Lorry trailer containing bodies of 39 people removed from the scene

Published at 3:33pm 23rd October 2019. (Updated at 10:54pm 23rd October 2019) Police have begun the task of identifying the 39 people who were found dead in a lorry container in an Essex industrial estate. The bodies were discovered in Grays after officers were called at 1.40am on Wednesday morning.

The driver, a 25-year-old man, was arrested on suspicion of murder. Sky News understands he is Mo Robinson, from Portadown in County Armagh, Northern Ireland. The cab and refrigerated container have now been moved to a secure location at Tilbury Docks where the bodies will be removed.

They were discovered in the trailer at Waterglade Industrial Park. Officers have not yet established the identities of the victims, who included a teenager. Police say they believe the trailer travelled on a ferry from Zeebrugge in Belgium around 4.30pm on Tuesday to Purfleet, Essex – and then docked in the Thurrock area shortly after 12.30am on Wednesday.

Where it was before Zeebrugge is still unclear. The lorry cab, which is thought to have originated in Northern Ireland, left the port in Thurrock with the container soon after 1.05am. CCTV footage has emerged of the lorry driving towards the Waterglade Industrial Park minutes before the bodies were found.

The images were taken at 1.10am and show the vehicle just around the corner from where the discovery was made a short time later at the estate. The Essex force said in a statement: “This will be a lengthy and complex investigation and we continue to work with local partners and international authorities to gather vital intelligence and identify those who have sadly died.” Witness Andy Larkin told Sky News and the police that he saw the lorry parked up at the industrial park on Tuesday afternoon, about 10 hours before making its pick-up at the docks, and possibly waiting for the ferry to dock and swap containers.

He said: “What drew me to it was the unit itself. The cab looked very expensive, big chrome exhausts, and the paintwork on it. It was unusual from being a company lorry.

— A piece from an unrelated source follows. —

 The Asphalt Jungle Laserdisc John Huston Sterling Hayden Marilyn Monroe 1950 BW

It was more of a private cab. “I thought someone was asleep inside because the curtains on the cab were pulled around. Like the drivers do when they are sleeping in their cabs.

I thought he was inside.” The Bulgarian ministry of foreign affairs said the Scania truck was registered in Varna, on the east coast of the country, under the name of a company owned by an Irish citizen. Police said it was “highly unlikely” the victims were Bulgarians, the ministry added.

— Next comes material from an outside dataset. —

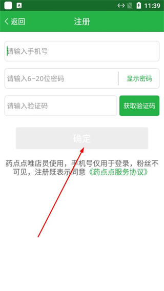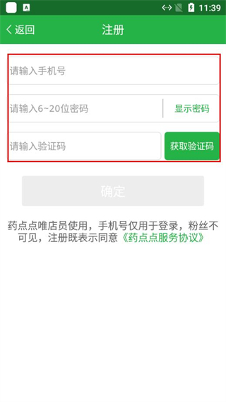 2、在注册页面依次填写手机号、设置密码,填入短信验证码。

The nation’s prime minister Boyko Borissov said Bulgaria has “no connection” to the lorry beyond its registration and that the vehicle had not entered the country since 2017. The East of England Ambulance Service were the first emergency services on the scene and sent five ambulances, hazardous area response teams and a car from the Essex and Herts Air Ambulance. Essex Police were then called.

Richard Burnett, chief executive of the Road Haulage Association, said: “This tragedy highlights the danger of migrant gangs people-smuggling on lorries.” He said temperatures in refrigerated units can be as low as -25C and described conditions for anyone inside as “absolutely horrendous”. The discovery is among the worst of its kind in the UK.

The bodies of 58 Chinese people were found in a container at Dover, Kent, in 2000. In 2015, the decomposing bodies of 71 people, including a baby girl, were found inside a lorry on an Austrian motorway. Speaking about Wednesday’s tragedy, the Irish Refugee Council said it represented a needless loss of life.

It said: “No person should find themselves in a situation where they feel that their only choice is to pay smugglers to transport them on dangerous and arduous journeys with no guarantees for their safety or how their journey might end.”

Prime Minister Boris Johnson said he was “appalled” by the incident and said the perpetrators of the crime “should be hunted down and brought to justice”.